A Most Unstable Word of the Week
A most unfortunate affair to be found in a touchy situation, I think. Hazardous and chancy, our word is...
threateningly insecure or unstable; perilous; depending on the intention of another.
Sometimes you are surprised by finding yourself in a precarious predicament, but other times you know full-well that you are walking into an unsafe environment. It would be good to be prepared for those times, especially if you are forewarned.
All progress is precarious, and the solution of one problem brings us face to face with another problem.
~Martin Luther King, Jr.
Existence is no more than the precarious attainment of relevance in an intensely mobile flux of past, present, and future.
* * * * * *ps. Inquiring minds want to know! It would seem that the writers of these cards we are enjoying have made a bit of a mistake. Seattle's streets weren't lowered, they were raised! Here's how it all happened:
Seattle's first buildings were wooden. In 1889, a cabinetmaker accidentally overturned and ignited a glue pot. An attempt to extinguish it with water spread the burning grease-based glue. The fire chief was out of town, and although the volunteer fire department responded they made the mistake of trying to use too many hoses at once. They never recovered from the subsequent drop in water pressure, and the Great Seattle Fire destroyed 25 city blocks.
While a destructive fire was not unusual for the time, the response of the city leaders was. Instead of rebuilding the city as it was before, they made two strategic decisions: that all new buildings must be of stone or brick, insurance against a similar disaster in the future; and to regrade the streets one to two stories higher than the original street grade. Pioneer Square had originally been built mostly on filled-in tidelands and, as a consequence, it often flooded. The new street level also assisted in ensuring that gravity-assisted flush toilets that funneled into Elliott Bay did not back up at high tide.
For the regrade, the streets were lined with concrete walls that formed narrow alleyways between the walls and the buildings on both sides of the street, with a wide "alley" where the street was. The naturally steep hillsides were used, and through a series of sluices material was washed into the wide "alleys", raising the streets to the desired new level, generally 12 feet higher than before, in some places nearly 30 feet.
At first pedestrians climbed ladders to go between street level and the sidewalks in front of the building entrances. Brick archways were constructed next to the road surface, above the submerged sidewalks, to provide the ceiling or the underground corridors and support the hollow street sidewalks. Skylights with small panes of clear glass (which later became amethyst-colored because of manganese in the glass) were installed, creating the area now called the Seattle Underground.
When they reconstructed their buildings, merchants and landlords knew that the ground floor would eventually be underground and the next floor up would be the new ground floor, so there is very little decoration on the doors and windows of the original ground floor, but extensive decoration on the new ground floor.

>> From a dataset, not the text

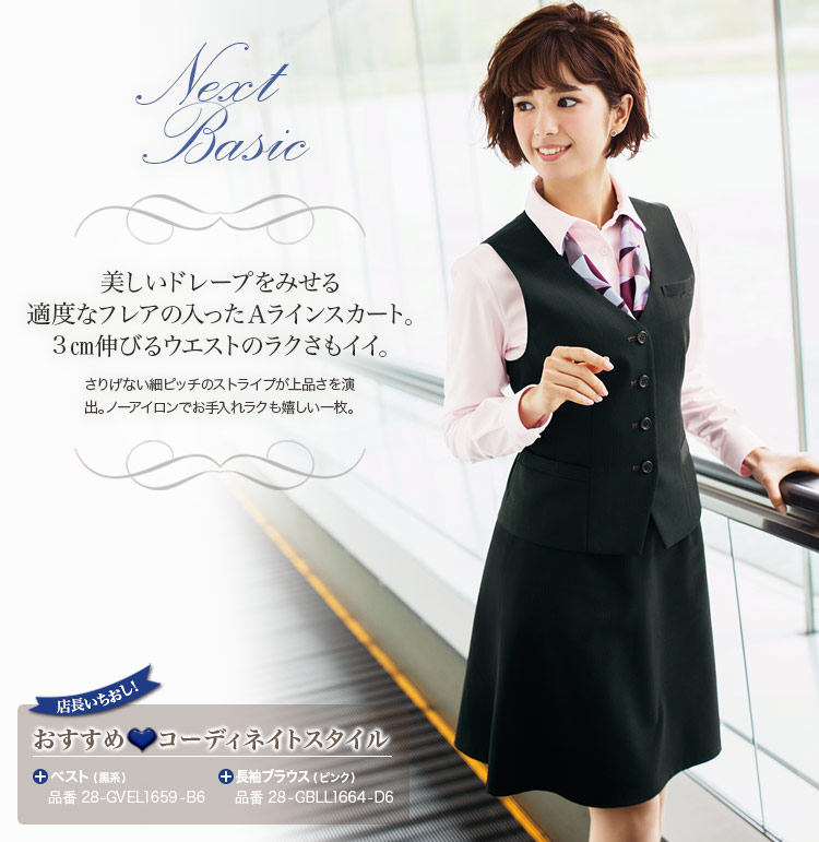 【在庫限り】[通年]適度なフレアの入ったフェミニンなストライプ・Aラインスカート(28-GSKL1662)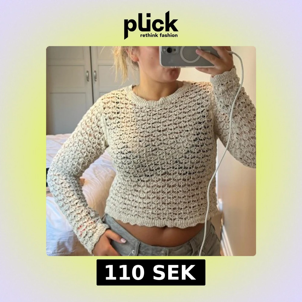 Säljer en beige stickad tröja från Forever 21 i storlek M. Tröjan har ett luftigt, virkat mönster och är croppad med långärmade ärmar och rund hals. Perfekt att styla med jeans eller kjol för en chill look.

Once the new sidewalks were complete, building owners moved their businesses to the new ground floor, although merchants carried on business in the lowest floors of buildings that survived the fire, and pedestrians continued to use the underground sidewalks lit by the glass cubes (still seen on some streets) embedded in the grade-level sidewalk above.
In 1907 the city condemned the Underground for fear of pneumonic plague, two years before the 1909 World Fair in Seattle (Alaska-Yukon-Pacific Exposition). The basements were left to deteriorate or were used as storage. Some became illegal flophouses for the homeless, gambling halls, speakeasies, and opium dens.
Only a small portion of the Seattle Underground has been restored and made safe and accessible to the public on guided tours.